The new entity — ThyssenKrupp Tata Steel — would be headquartered in Amsterdam, the Netherlands. The entity would have 21.3-million-tonne capacity, sales of about €15 billion and a workforce of about 48,000 at 34 locations. The merger is, however, likely to lead to 4,000 people losing their jobs both on the production side and administration side.
Koushik Chatterjee, Tata group executive director, has said the partners expect the deal to close by December this year or early next year.
Chatterjee said, “Fundamentally, we can look at the € 2.5 billion as structural deconsolidation, or as deleveraging, once the joint venture is done in about a year.”
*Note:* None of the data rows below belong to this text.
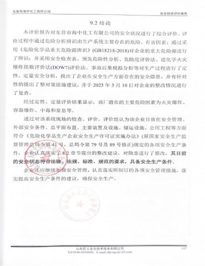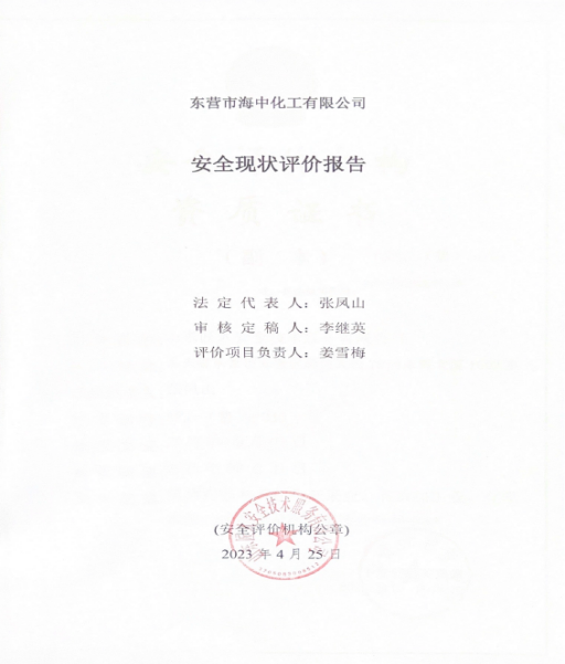 单位名称、项目名称:东营市海中化工有限公司安全现状 | |||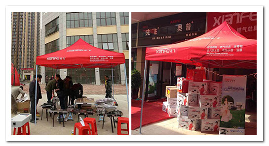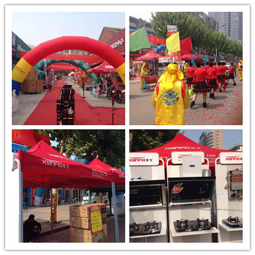 (2)形象展示物料:促销信息性不强,偏重于氛围装点营造的物料;例如帐篷、拱门、太阳伞、地毯、气球、促销台、彩带、彩旗、气模等;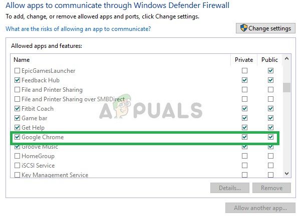 Иногда брандмауэр может блокировать доступ определенных элементов вашего браузера к Интернету, что может привести к ошибке, чтобы обойти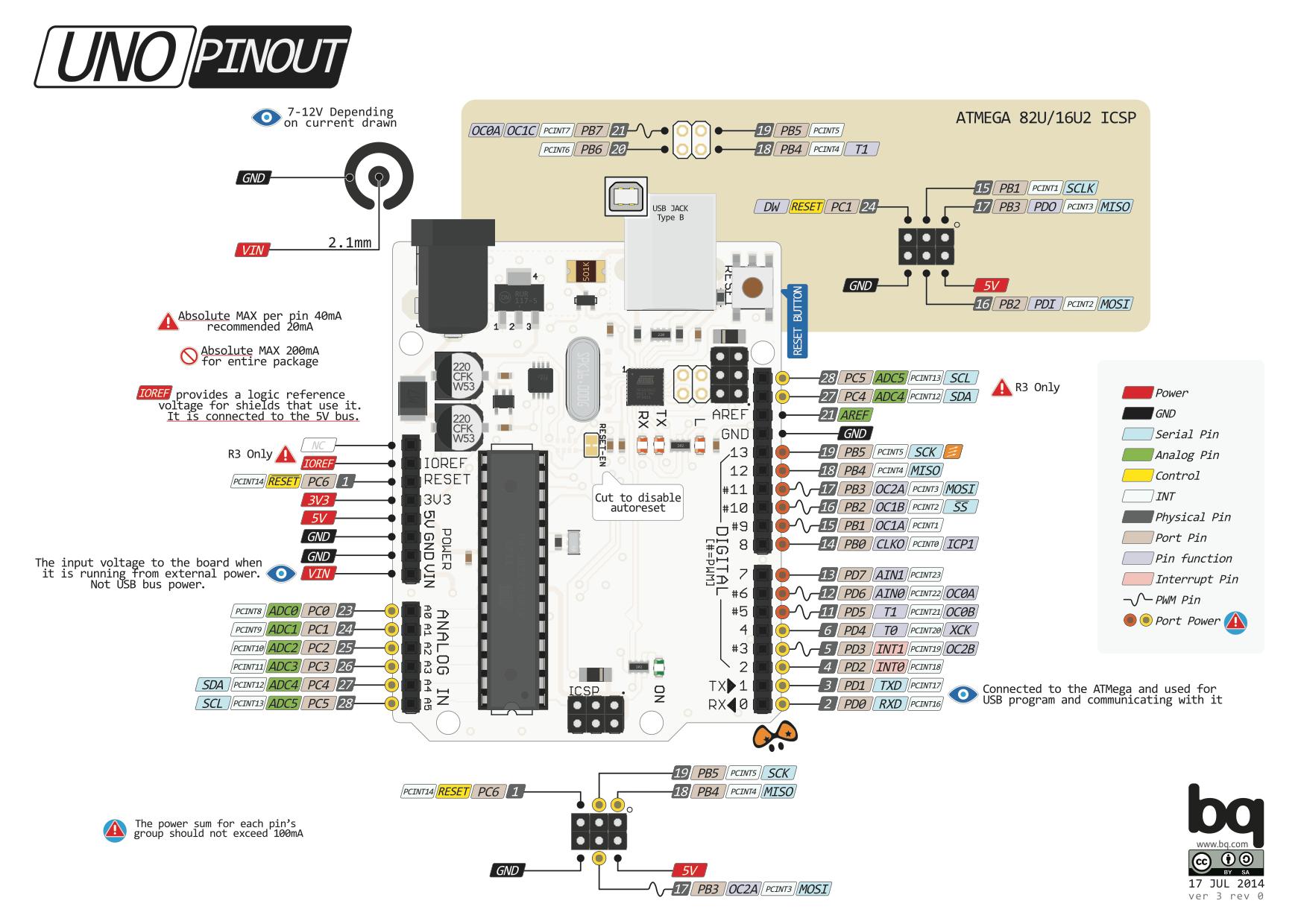 By Philliptorrone - Own work, CC BY-SA 3.0, https://commons.wikimedia.org/w/ index.php?curid=19269741• LED: There is a built-in LED driven by digital pin 13. When the pin is high value, the LED is on, when the pin is low, it is off.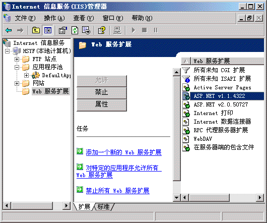 其實這是由于Windows 2003默認的安全性較高引起的,因為在默認狀態(tài)下Windows 2003服務器系統(tǒng)并沒有開啟ASPX頁面的訪問權(quán)限,這需要我們用手工方法才能開啟成功,下面就是具體的開啟步驟: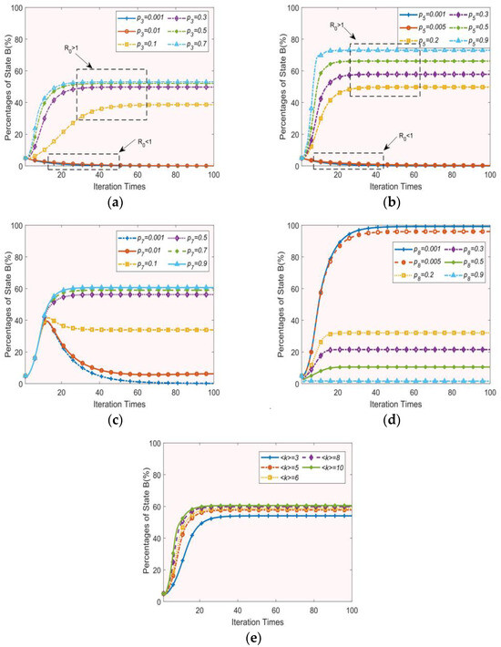 From the perspective of the network structure, affects the number of interactive neighbors. As can be seen in Figure 5e, the speed of information dissemination is accelerated with the increase in . However, when exceeds a certain threshold, the convergence rate gradually slows down. The final proportion of state B also increases with , but the degree of change is relatively small. Compared with other parameters, the impact of on the final proportion of individuals in state B is greater than that of .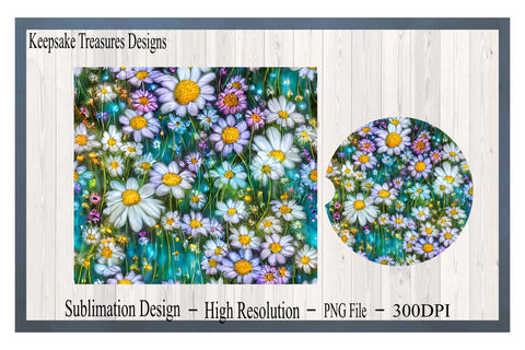 Daisies and Wildflowers 20oz Straight Tumbler Wrap, and Car Coaster, PNG for Sublimation, Digital Download, Spring Tumbler Wrap

The merged company expects to cut costs by € 400-600 million a year, mainly by slashing back-office expenses, optimising distribution and squeezing suppliers. Moreover, the very reason why Tata Steel is looking at a more sustainable capital structure is to ensure that the rating of this company will be robust, said Chatterjee.
The merger has been in the pipeline for almost two and half years now. The likelihood of job cuts has been a bone of contention for the employee unions of both the companies. Tata Steel has said they were in discussions with all the stakeholders, including the unions, to resolve the matter. “We have a very robust and ongoing conversation with the unions at all the levels, and it is important for all of us to ensure that we move together because it is just not about doing a deal. We are creating a new structure, a new institution. Therefore, we will have to work together to take along everybody,” said Chatterjee.
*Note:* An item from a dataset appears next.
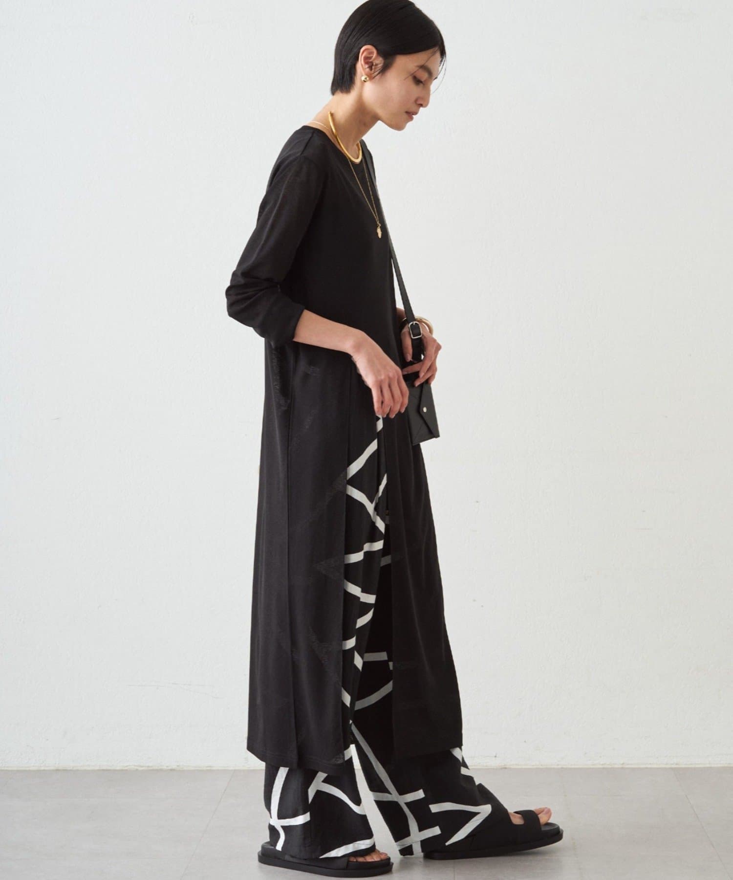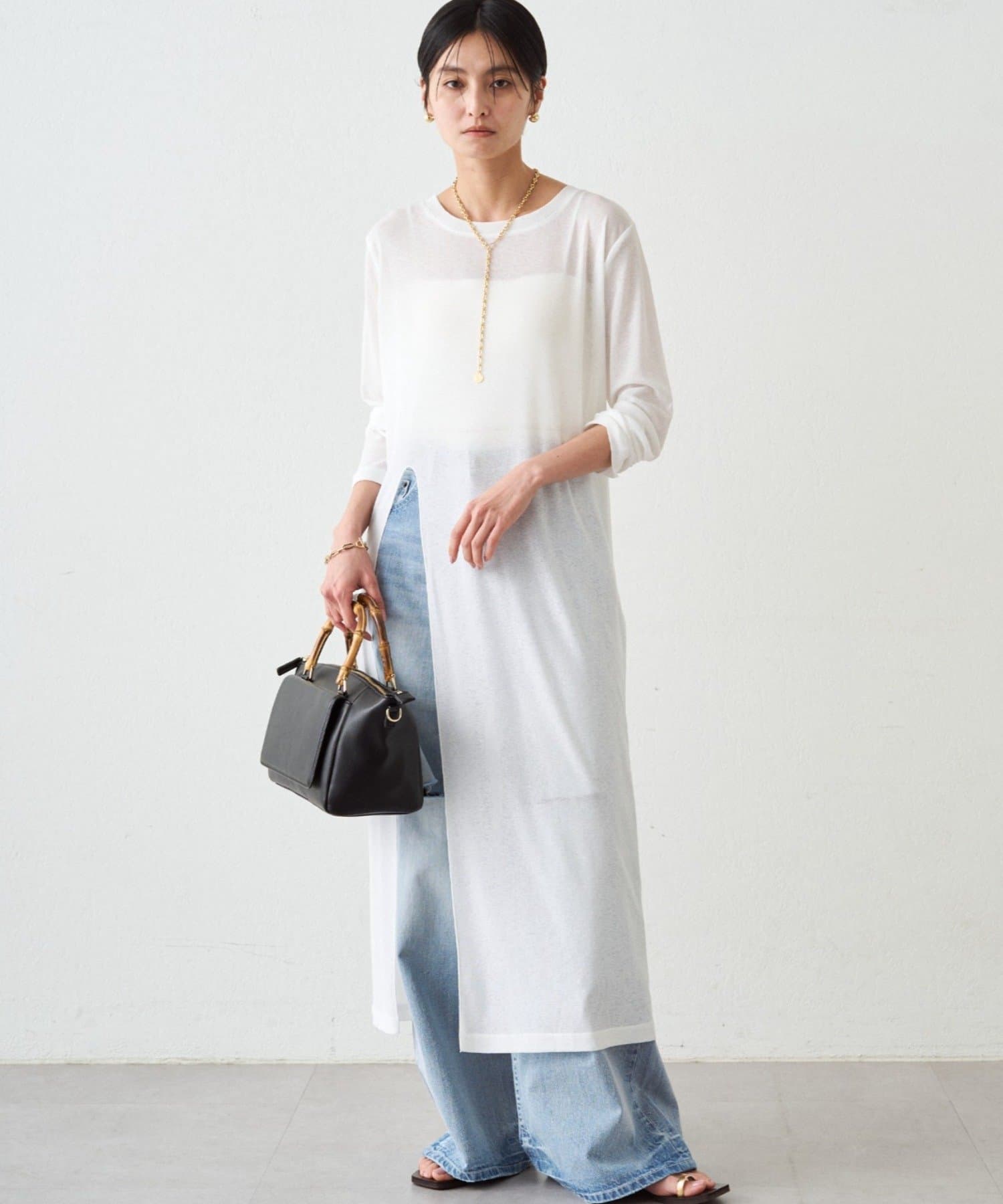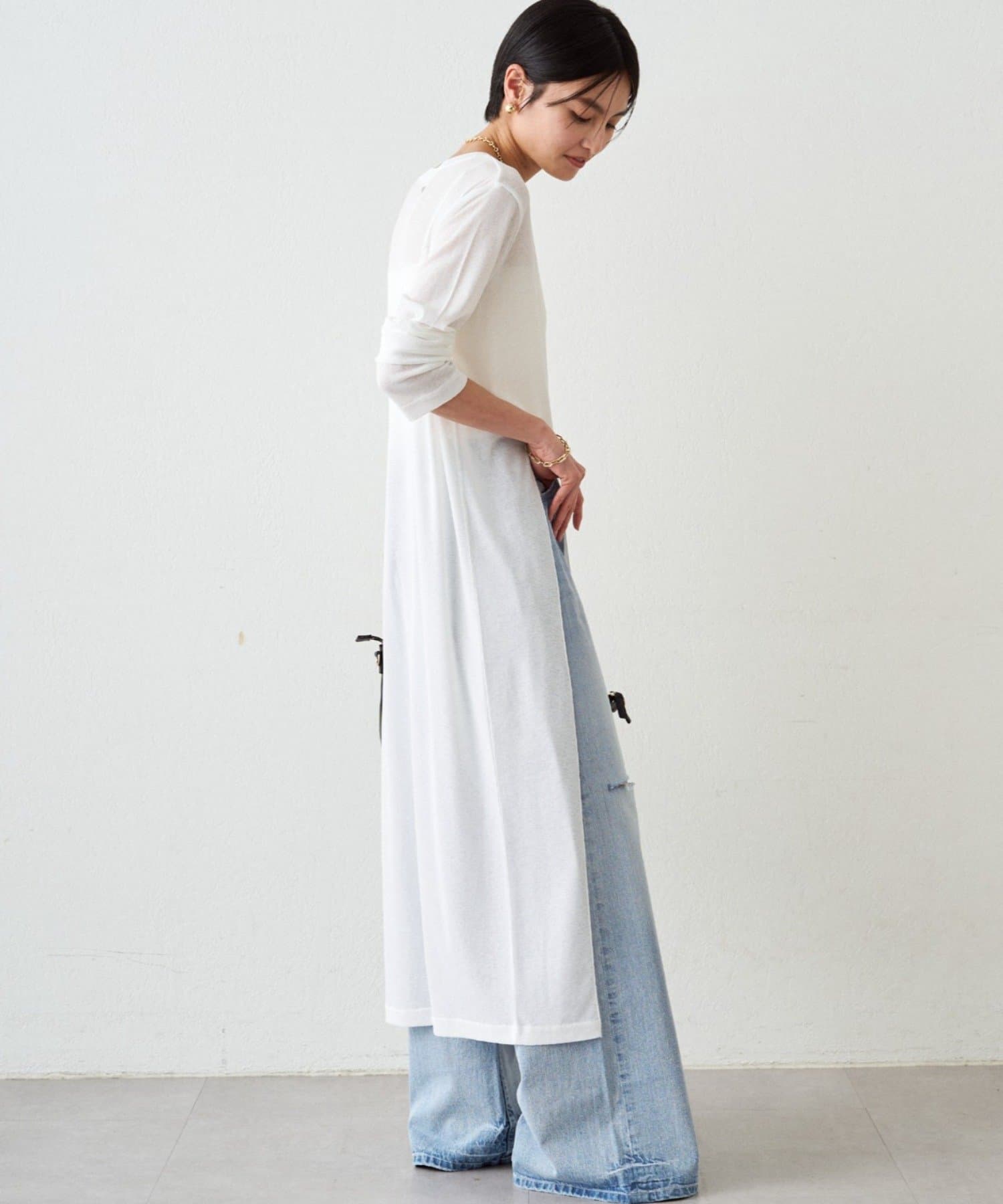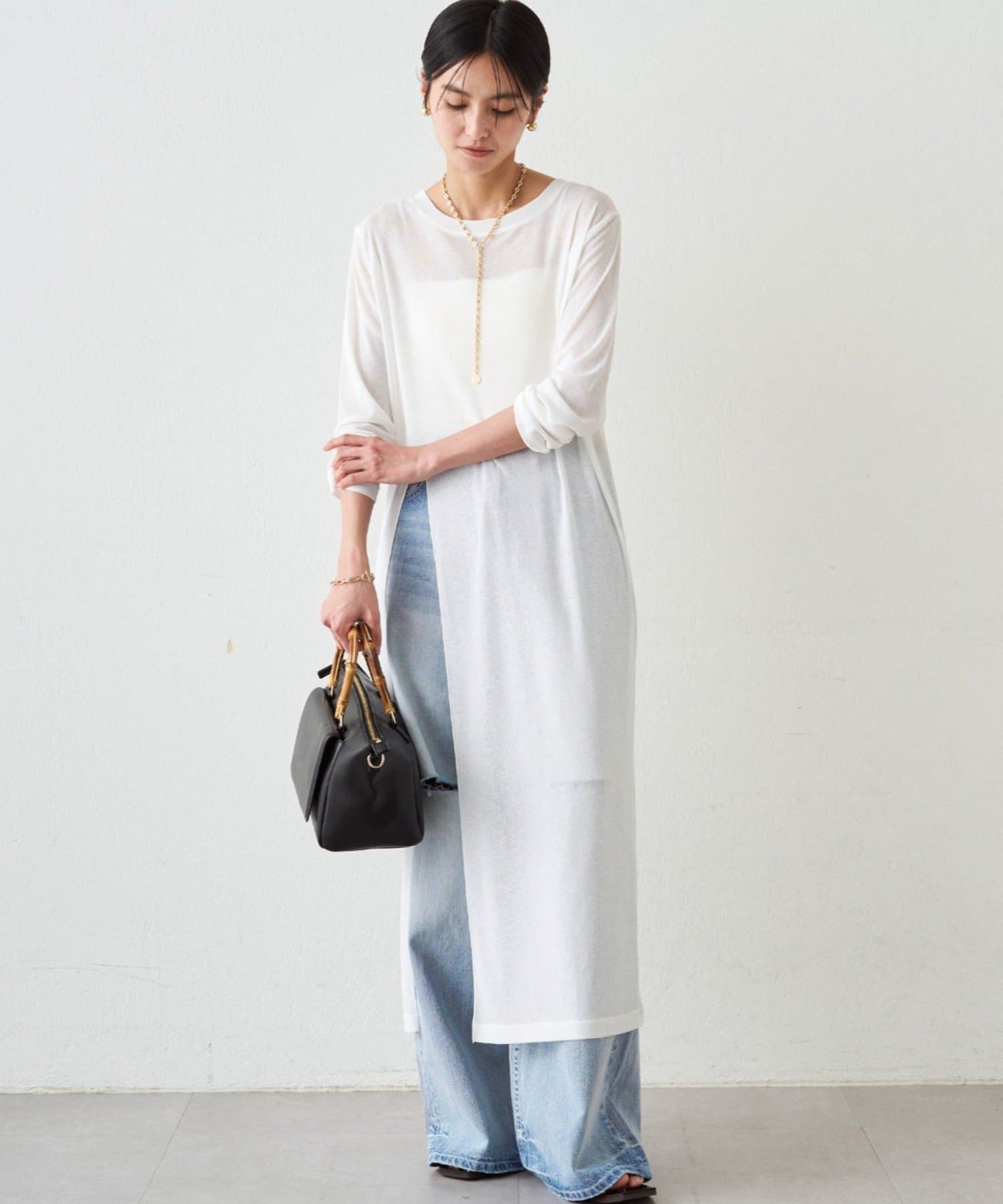 纏うだけで洗練されたレイヤードスタイルが完成。シアーカットソーロングワンピース

Anjani Kumar Agarwal, partner and national leader, metals and mining, EY, said, “Consolidation in the steel industry augurs well for the business, as the industry is relatively fragmented compared to its global suppliers of iron ore, coking coal as well as customers. For example, in the value-added innovation-led product segments, customers are truly global OEMs (original equipment manufacturers).”
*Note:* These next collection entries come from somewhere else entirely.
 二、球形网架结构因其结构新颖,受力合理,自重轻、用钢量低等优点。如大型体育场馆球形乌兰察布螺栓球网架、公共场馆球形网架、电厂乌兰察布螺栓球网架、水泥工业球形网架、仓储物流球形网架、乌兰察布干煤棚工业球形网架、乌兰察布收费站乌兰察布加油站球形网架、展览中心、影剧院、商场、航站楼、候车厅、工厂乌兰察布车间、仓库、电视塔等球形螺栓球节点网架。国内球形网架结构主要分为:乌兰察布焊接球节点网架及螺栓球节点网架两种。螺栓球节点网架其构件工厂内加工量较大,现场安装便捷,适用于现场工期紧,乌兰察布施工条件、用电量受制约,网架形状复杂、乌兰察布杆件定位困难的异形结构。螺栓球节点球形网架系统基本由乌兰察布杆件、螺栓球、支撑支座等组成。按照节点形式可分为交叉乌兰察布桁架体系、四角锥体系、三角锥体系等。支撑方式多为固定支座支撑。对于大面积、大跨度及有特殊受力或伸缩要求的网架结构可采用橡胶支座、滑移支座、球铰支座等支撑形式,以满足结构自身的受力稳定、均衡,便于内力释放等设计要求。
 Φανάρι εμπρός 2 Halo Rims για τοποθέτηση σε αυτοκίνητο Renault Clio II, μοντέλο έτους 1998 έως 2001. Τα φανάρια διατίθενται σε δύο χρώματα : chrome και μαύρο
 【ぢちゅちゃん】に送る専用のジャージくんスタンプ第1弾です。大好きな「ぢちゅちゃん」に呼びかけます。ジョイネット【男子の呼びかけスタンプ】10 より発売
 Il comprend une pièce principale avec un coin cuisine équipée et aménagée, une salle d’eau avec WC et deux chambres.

According to Agarwal, the trend of regional consolidation was quite profound. It included four large combinations in China as well as Arcelor Mittal acquiring ILVA, Italy’s largest producer. “The combined business, when well integrated, will emerge stronger, riding on R&D, advanced technologies, integrated supply chains, differentiated products, complementary markets and customers,” he said.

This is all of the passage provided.